*** Opening of Dataset entries ***
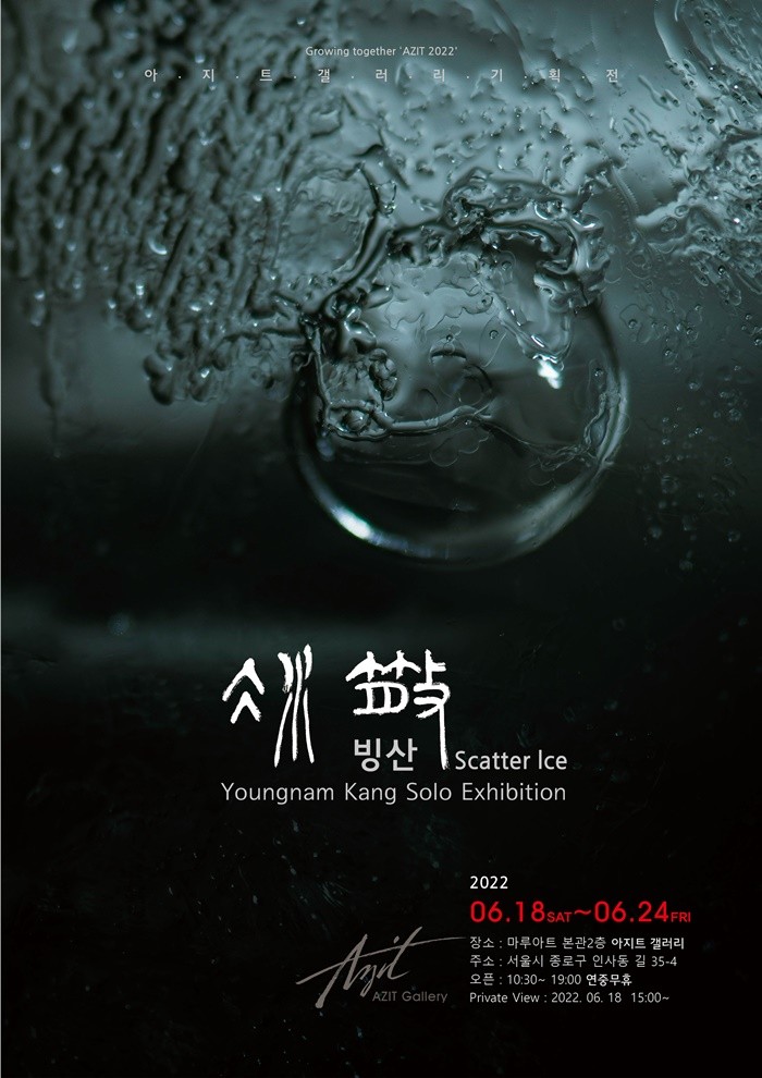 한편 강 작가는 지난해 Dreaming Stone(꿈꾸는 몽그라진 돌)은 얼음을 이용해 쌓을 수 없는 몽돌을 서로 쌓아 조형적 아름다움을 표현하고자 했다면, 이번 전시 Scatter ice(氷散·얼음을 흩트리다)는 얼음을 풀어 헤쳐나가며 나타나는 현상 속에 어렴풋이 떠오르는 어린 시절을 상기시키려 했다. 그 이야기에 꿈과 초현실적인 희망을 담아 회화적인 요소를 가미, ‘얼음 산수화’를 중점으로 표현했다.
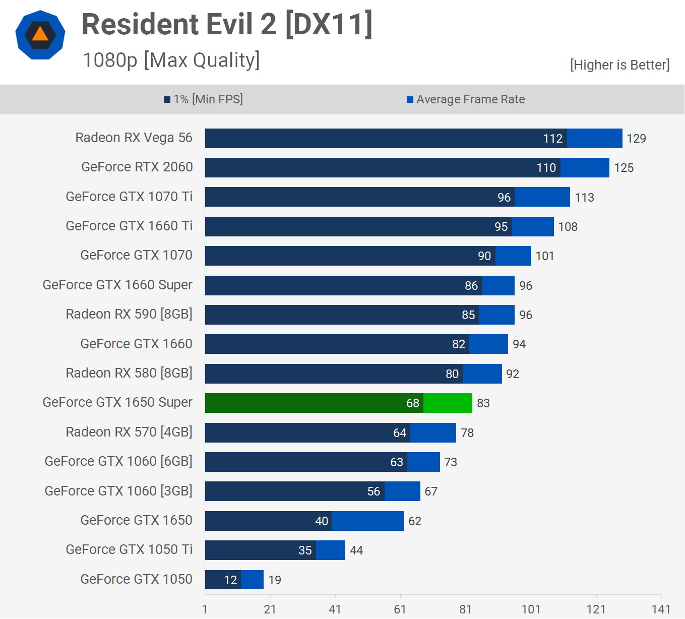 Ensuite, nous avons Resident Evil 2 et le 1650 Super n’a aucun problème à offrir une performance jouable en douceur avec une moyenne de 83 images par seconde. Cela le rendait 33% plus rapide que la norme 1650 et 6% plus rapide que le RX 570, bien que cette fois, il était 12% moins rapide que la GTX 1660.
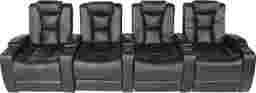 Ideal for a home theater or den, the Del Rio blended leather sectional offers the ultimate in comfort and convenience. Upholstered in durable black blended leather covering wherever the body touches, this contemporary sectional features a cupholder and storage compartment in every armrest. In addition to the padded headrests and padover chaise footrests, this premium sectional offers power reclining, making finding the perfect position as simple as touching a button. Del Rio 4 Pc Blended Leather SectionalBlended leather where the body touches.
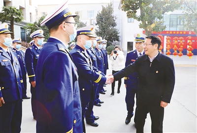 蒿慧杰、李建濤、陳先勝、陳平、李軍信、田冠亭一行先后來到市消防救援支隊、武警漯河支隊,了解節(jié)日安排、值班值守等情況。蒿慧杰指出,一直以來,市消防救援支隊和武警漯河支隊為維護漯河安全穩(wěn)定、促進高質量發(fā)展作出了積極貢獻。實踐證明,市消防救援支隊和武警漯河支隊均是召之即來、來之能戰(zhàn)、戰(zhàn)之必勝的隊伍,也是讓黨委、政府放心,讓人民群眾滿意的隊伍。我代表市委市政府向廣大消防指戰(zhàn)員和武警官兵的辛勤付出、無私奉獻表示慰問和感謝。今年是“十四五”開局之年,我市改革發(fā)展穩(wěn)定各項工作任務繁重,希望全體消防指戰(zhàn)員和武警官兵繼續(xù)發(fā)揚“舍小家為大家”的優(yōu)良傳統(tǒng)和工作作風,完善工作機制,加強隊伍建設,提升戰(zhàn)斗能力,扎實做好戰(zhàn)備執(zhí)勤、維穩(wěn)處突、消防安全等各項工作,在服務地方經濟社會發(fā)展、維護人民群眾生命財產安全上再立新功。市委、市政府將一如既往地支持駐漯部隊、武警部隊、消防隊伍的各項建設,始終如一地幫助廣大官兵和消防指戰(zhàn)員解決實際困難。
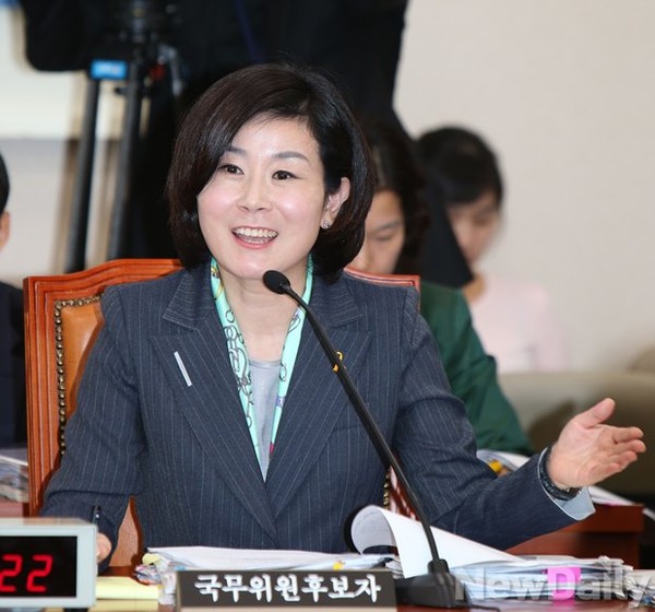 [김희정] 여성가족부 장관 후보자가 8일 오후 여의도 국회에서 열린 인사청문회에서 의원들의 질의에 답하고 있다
*** Close of Dataset entries ***
Transcribe the listing above in full and exactly; no pictures belong in the copy.

Task response |
 한편 강 작가는 지난해 Dreaming Stone(꿈꾸는 몽그라진 돌)은 얼음을 이용해 쌓을 수 없는 몽돌을 서로 쌓아 조형적 아름다움을 표현하고자 했다면, 이번 전시 Scatter ice(氷散·얼음을 흩트리다)는 얼음을 풀어 헤쳐나가며 나타나는 현상 속에 어렴풋이 떠오르는 어린 시절을 상기시키려 했다. 그 이야기에 꿈과 초현실적인 희망을 담아 회화적인 요소를 가미, ‘얼음 산수화’를 중점으로 표현했다.
 Ensuite, nous avons Resident Evil 2 et le 1650 Super n’a aucun problème à offrir une performance jouable en douceur avec une moyenne de 83 images par seconde. Cela le rendait 33% plus rapide que la norme 1650 et 6% plus rapide que le RX 570, bien que cette fois, il était 12% moins rapide que la GTX 1660.
 Ideal for a home theater or den, the Del Rio blended leather sectional offers the ultimate in comfort and convenience. Upholstered in durable black blended leather covering wherever the body touches, this contemporary sectional features a cupholder and storage compartment in every armrest. In addition to the padded headrests and padover chaise footrests, this premium sectional offers power reclining, making finding the perfect position as simple as touching a button. Del Rio 4 Pc Blended Leather SectionalBlended leather where the body touches.
 蒿慧杰、李建濤、陳先勝、陳平、李軍信、田冠亭一行先后來到市消防救援支隊、武警漯河支隊,了解節(jié)日安排、值班值守等情況。蒿慧杰指出,一直以來,市消防救援支隊和武警漯河支隊為維護漯河安全穩(wěn)定、促進高質量發(fā)展作出了積極貢獻。實踐證明,市消防救援支隊和武警漯河支隊均是召之即來、來之能戰(zhàn)、戰(zhàn)之必勝的隊伍,也是讓黨委、政府放心,讓人民群眾滿意的隊伍。我代表市委市政府向廣大消防指戰(zhàn)員和武警官兵的辛勤付出、無私奉獻表示慰問和感謝。今年是“十四五”開局之年,我市改革發(fā)展穩(wěn)定各項工作任務繁重,希望全體消防指戰(zhàn)員和武警官兵繼續(xù)發(fā)揚“舍小家為大家”的優(yōu)良傳統(tǒng)和工作作風,完善工作機制,加強隊伍建設,提升戰(zhàn)斗能力,扎實做好戰(zhàn)備執(zhí)勤、維穩(wěn)處突、消防安全等各項工作,在服務地方經濟社會發(fā)展、維護人民群眾生命財產安全上再立新功。市委、市政府將一如既往地支持駐漯部隊、武警部隊、消防隊伍的各項建設,始終如一地幫助廣大官兵和消防指戰(zhàn)員解決實際困難。
 [김희정] 여성가족부 장관 후보자가 8일 오후 여의도 국회에서 열린 인사청문회에서 의원들의 질의에 답하고 있다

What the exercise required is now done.